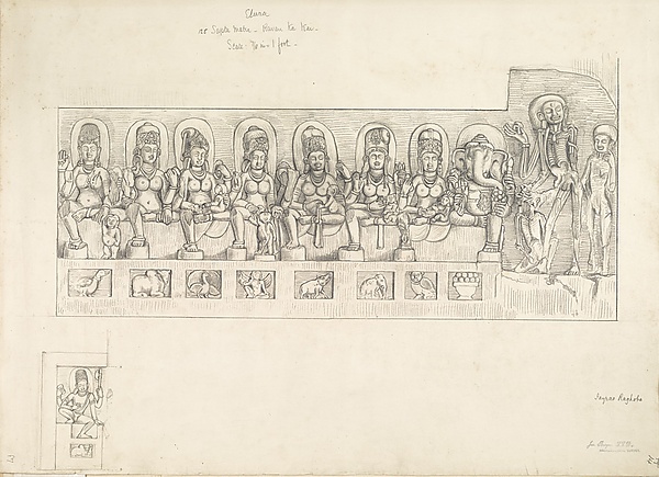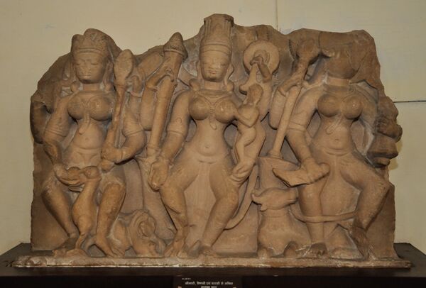 Первые скульптурные изображения божественных матерей относятся к III веку до нашей эры. Это одиночные изваяния, представляющие безымянную богиню. В последующем они становятся частью пантеона индуизма и интегрируются с популярными мужскими божествами. В начале первого тысячелетия нашей эры матрики объединяются в групповой культ, представленный саптаматрикой или семью богинями[15].
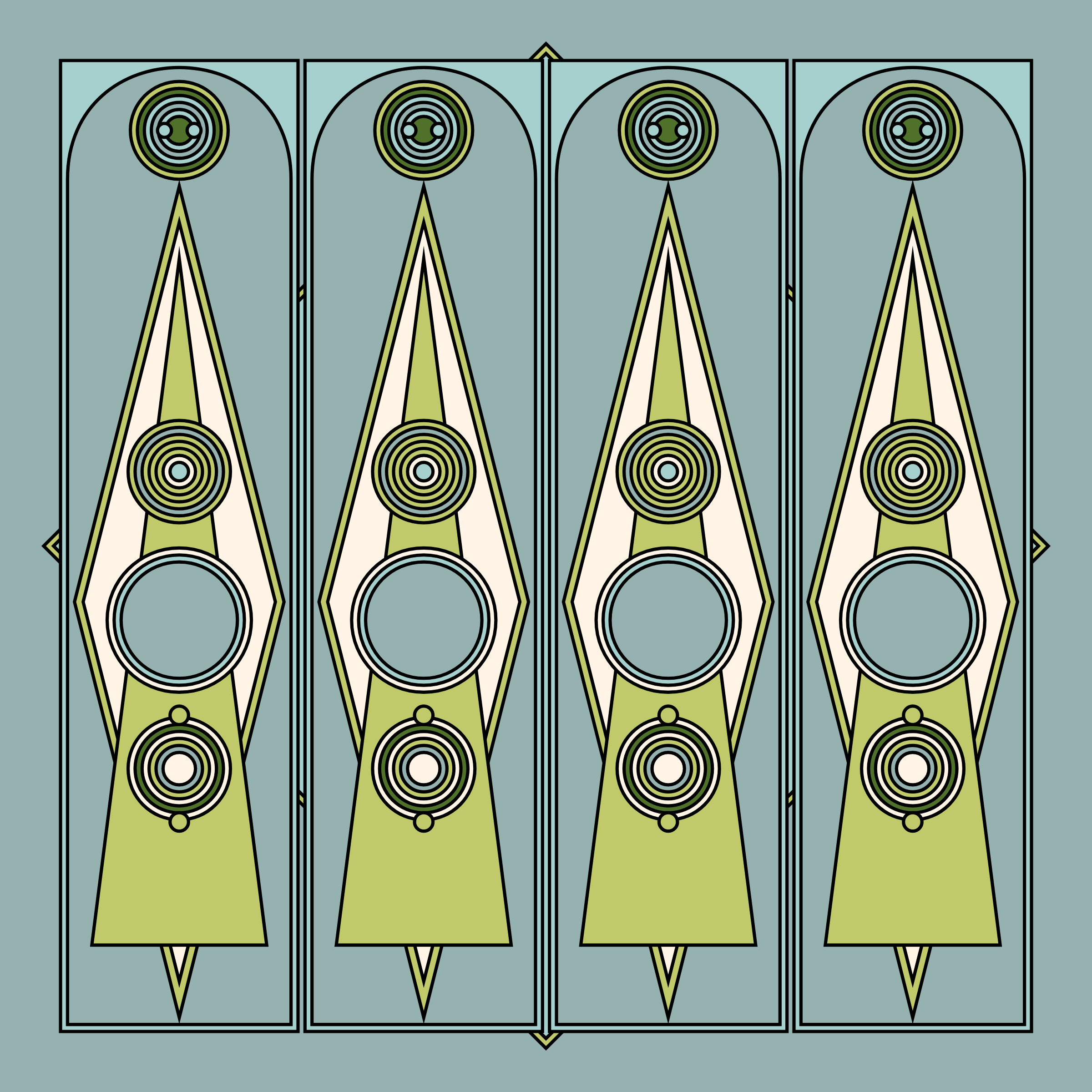 A study in composition using simple shapes and layout rules. When repetitive patterns fail, and the symmetry isn't quite right, the images are strangely evocative. Somewhere between art deco, pop art, and sci-fi.
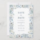 Floral Blue Save the Date. Step into a garden of botanical beauty and discover a stunning save-the-date invitation design featuring beautiful hand-painted watercolor florals arranged in a lovely vintage frame. The delicate dusty blue, cream, and white roses and sage green eucalyptus greenery create a rustic elegance, perfect for your special event! The blue-gray font and subtle touches of blue perfectly complement the timeless design. Let this exquisite invitation express your rustic romantic elegance and timeless style.
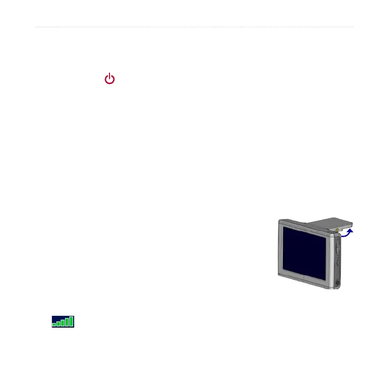 3. Turn on the nüvi. Acquiring satellite signals can take

★ ★ ★ ★ ★

What is required: Give again exactly the lines running from the beginning of the material above through the line that contains "A study in composition", and leave out every picture.

Task output:
 Первые скульптурные изображения божественных матерей относятся к III веку до нашей эры. Это одиночные изваяния, представляющие безымянную богиню. В последующем они становятся частью пантеона индуизма и интегрируются с популярными мужскими божествами. В начале первого тысячелетия нашей эры матрики объединяются в групповой культ, представленный саптаматрикой или семью богинями[15].
 A study in composition using simple shapes and layout rules. When repetitive patterns fail, and the symmetry isn't quite right, the images are strangely evocative. Somewhere between art deco, pop art, and sci-fi.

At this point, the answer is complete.